» WHAT YOU ARE ASKED TO DO
Set down the first line below and each line after it, ending with the one that holds "该工程总建筑面积27212.". Pictures do not belong in the copy.

» INFORMATION SUPPLIED
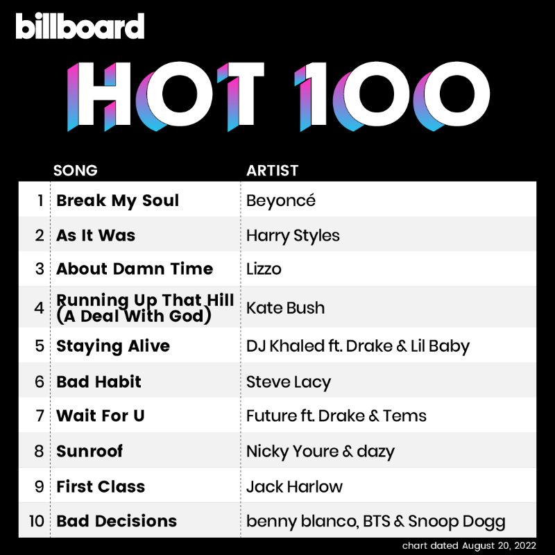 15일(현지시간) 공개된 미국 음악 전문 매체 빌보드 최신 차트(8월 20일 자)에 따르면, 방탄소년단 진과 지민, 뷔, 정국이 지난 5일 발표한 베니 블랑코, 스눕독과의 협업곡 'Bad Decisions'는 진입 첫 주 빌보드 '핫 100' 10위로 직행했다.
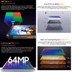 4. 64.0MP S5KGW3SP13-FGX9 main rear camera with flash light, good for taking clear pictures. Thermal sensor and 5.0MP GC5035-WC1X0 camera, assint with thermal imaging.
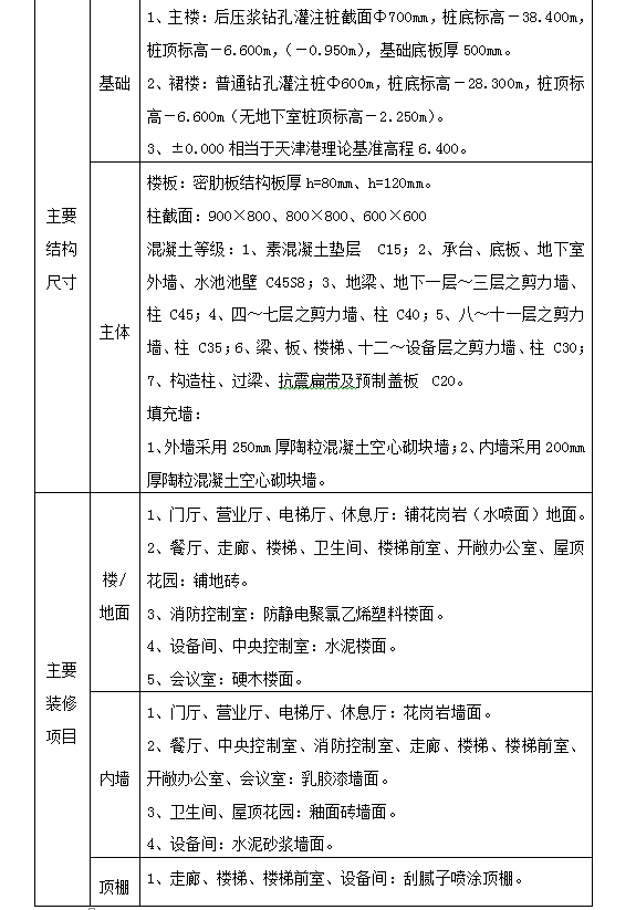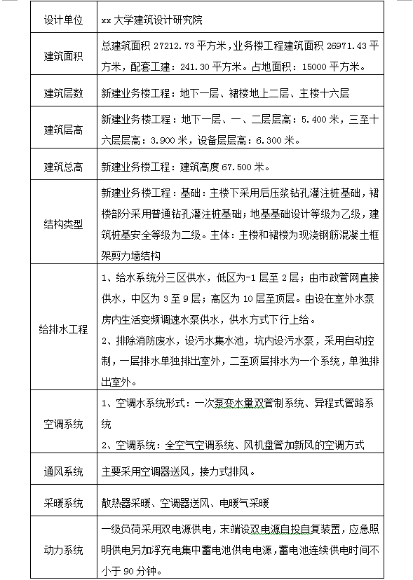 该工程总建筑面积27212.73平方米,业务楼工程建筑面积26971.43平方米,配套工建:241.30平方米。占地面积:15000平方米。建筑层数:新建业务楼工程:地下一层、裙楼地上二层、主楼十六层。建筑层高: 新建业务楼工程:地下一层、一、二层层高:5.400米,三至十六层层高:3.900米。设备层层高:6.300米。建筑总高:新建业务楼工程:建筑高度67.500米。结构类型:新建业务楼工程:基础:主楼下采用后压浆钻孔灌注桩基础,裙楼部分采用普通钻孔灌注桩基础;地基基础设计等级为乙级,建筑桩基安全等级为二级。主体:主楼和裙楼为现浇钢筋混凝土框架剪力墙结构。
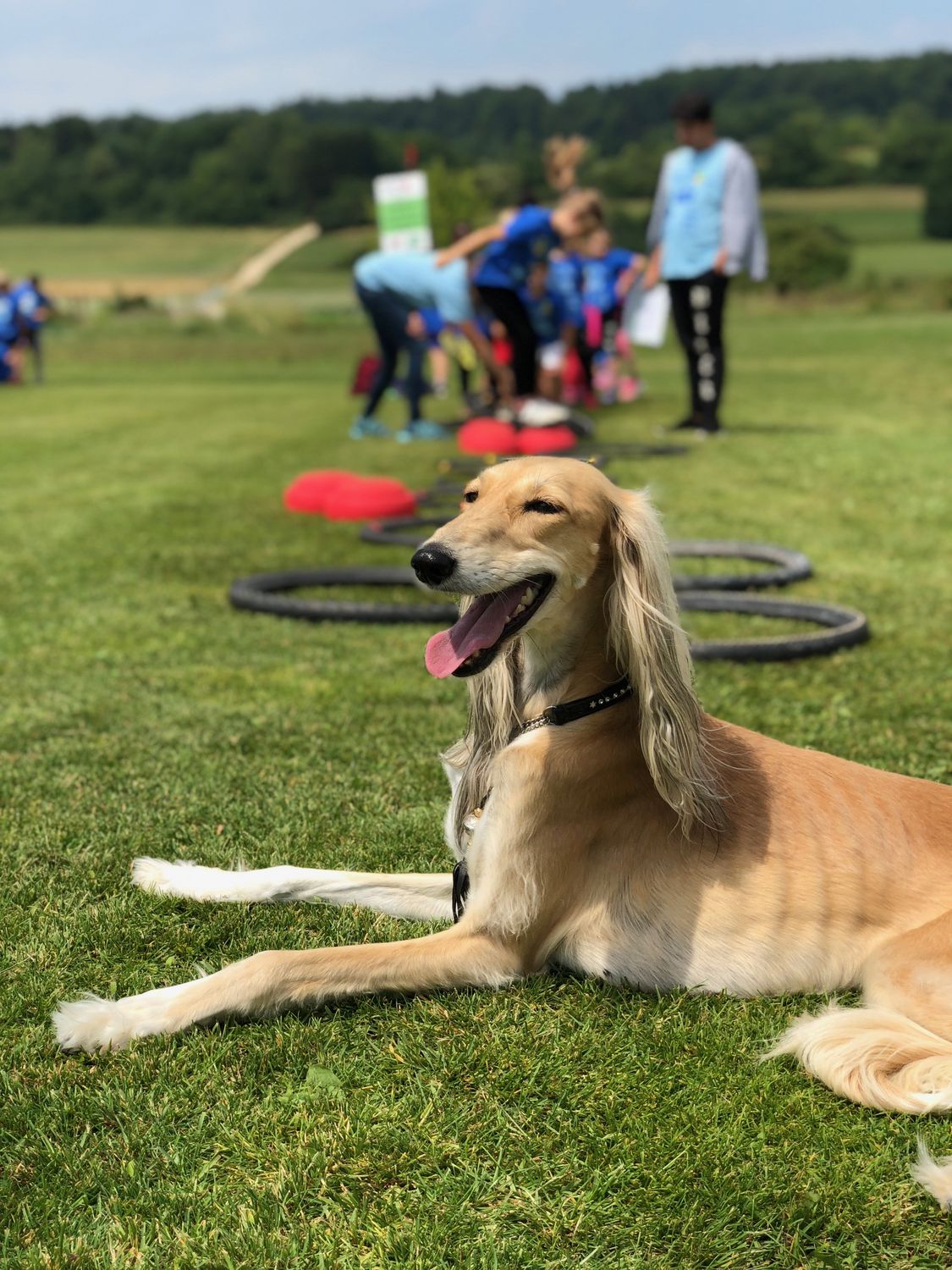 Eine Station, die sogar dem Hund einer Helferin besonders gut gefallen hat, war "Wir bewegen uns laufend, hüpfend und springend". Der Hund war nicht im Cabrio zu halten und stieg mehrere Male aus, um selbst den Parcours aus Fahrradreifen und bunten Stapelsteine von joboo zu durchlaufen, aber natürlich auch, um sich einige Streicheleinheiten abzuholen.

» ANSWER TO THIS TASK
 15일(현지시간) 공개된 미국 음악 전문 매체 빌보드 최신 차트(8월 20일 자)에 따르면, 방탄소년단 진과 지민, 뷔, 정국이 지난 5일 발표한 베니 블랑코, 스눕독과의 협업곡 'Bad Decisions'는 진입 첫 주 빌보드 '핫 100' 10위로 직행했다.
 4. 64.0MP S5KGW3SP13-FGX9 main rear camera with flash light, good for taking clear pictures. Thermal sensor and 5.0MP GC5035-WC1X0 camera, assint with thermal imaging.
 该工程总建筑面积27212.73平方米,业务楼工程建筑面积26971.43平方米,配套工建:241.30平方米。占地面积:15000平方米。建筑层数:新建业务楼工程:地下一层、裙楼地上二层、主楼十六层。建筑层高: 新建业务楼工程:地下一层、一、二层层高:5.400米,三至十六层层高:3.900米。设备层层高:6.300米。建筑总高:新建业务楼工程:建筑高度67.500米。结构类型:新建业务楼工程:基础:主楼下采用后压浆钻孔灌注桩基础,裙楼部分采用普通钻孔灌注桩基础;地基基础设计等级为乙级,建筑桩基安全等级为二级。主体:主楼和裙楼为现浇钢筋混凝土框架剪力墙结构。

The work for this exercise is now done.